Fundraiser aimed to curtail slaughter of equines

By Jonathan Horn

Contributor

Billionaires T. Boone and Madeleine Pickens welcomed Rep. Dan Burton, R-Indiana, to their Del Mar Country Club in Rancho Santa Fe on June 29 for a campaign fundraiser focused on curtailing horse slaughter.

Burton is pushing legislation that would make it illegal for Americans to round up and sell wild horses to slaughterhouses in Canada and Mexico, where their meat is processed and sent mainly to Europe for human consumption. No horses have been legally slaughtered in the United States since the last abattoirs were closed in 2007. However, American so-called "killer-buyers" still deliver wild horses to processing plants across the borders, a lucrative activity Burton said needs to stop.

"Our goal is to make sure there is humane treatment for horses in this country," he said. "How the rest of the world handles it, we can't dictate to them. China does one thing, India does another, every country has their own approaches, and we try to set the example."

The roughly 150 attendees were asked to make campaign contributions to Burton, who is seeking reelection in Indiana for the 15th term. He is a proponent of HR 503, which makes killer-buying an offense punishable by up to three years in prison.

But there are also 33,000 wild horses currently in U.S. holding facilities, about 6,000 of which the government has considered euthanizing for population control.
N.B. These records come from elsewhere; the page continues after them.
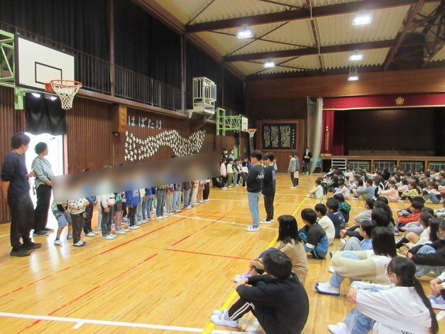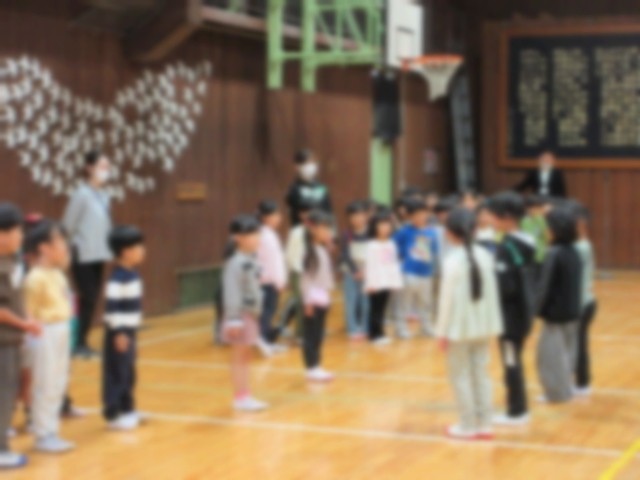 今日は1時間目に対面式がありました。1年生と上級生の顔合わせでした。児童会代表の6年生からの言葉と、2年生からのメダルのプレゼントがありました。1年生からも「よろしくおねがいします」の元気な挨拶がありました。緊張気味のかわいい1年生の様子でした。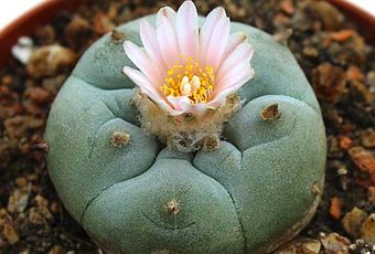 Les “boutons à mescal” de ce cactus contiennent des alcaloïdes isoquinoléiques et des dérivés de la phenyl-éthylamine, notamment la mescaline, puissant psychotrope, ce qui rend la plante hallucinogène. Les Amérindiens, depuis des millénaires, pratiquent un rite ancestral à partir de ce cactus, qui provoque un véritable rêve éveillé, avec des visions colorées accompagnées d’hallucinations auditives, qui permettraient d’entrer en contact avec l’au-delà et de prédire l’avenir. Les Huichols, peuple indigène du Mexique perpétuent encore aujourd’hui le rite du peyotl, toujours en groupe, ce qui tend à le rendre plus rare lorsque toute une communauté le cueille dans la nature alors que sa croissance est lente. Pourtant, il est protégé par CITES (Convention sur le commerce international des espèces de faune et de flore sauvages menacées d’extinction).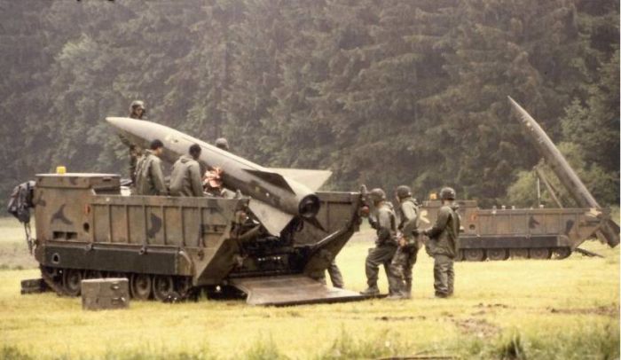 Тактическая ракета «Ланс» служила как основное средство доставки нейтронного боеприпаса на поле боя![]()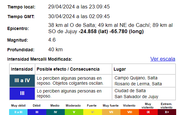 De acuerdo también con los datos proporcionados por el Inpres, en la zona de Campo Quijano-Rosario de Lerma, la intensidad del sismo osciló entre tres y cuatro en la escala correspondiente y este rango implica la percepción del movimiento por parte de algunas personas en reposo, así como el oscilar de objetos colgantes.

Madeline Pickens said she wants to protect them by building a sanctuary large enough for them to all roam free.

"Animal issues are very difficult because they can't talk, they don't have a voice," she said. "There are so many other issues where people have a loud voice, and so they jump to it, and the squeaky wheel gets the (grease)."

T. Boone Pickens, who spoke at the event, successfully testified before a congressional committee to close the last two large Texas abattoirs in 2007.

"We did some good, we changed some people's minds," he said. "Slaughtering the horses is a sad deal, we don't need to do that."

T. Boone and Madeleine Pickens, as well as Rep. Burton, took questions from the attendees. Topics ranged from ending horse slaughter to the proposed "Pickens Plan," which is T. Boone's solution to ending America's dependency on foreign oil. Linda Carel of Los Angeles chose to ask about horses.

Before she had the opportunity, she said of the Pickenses: "Our planet is in peril, these people heard the call, and have the means."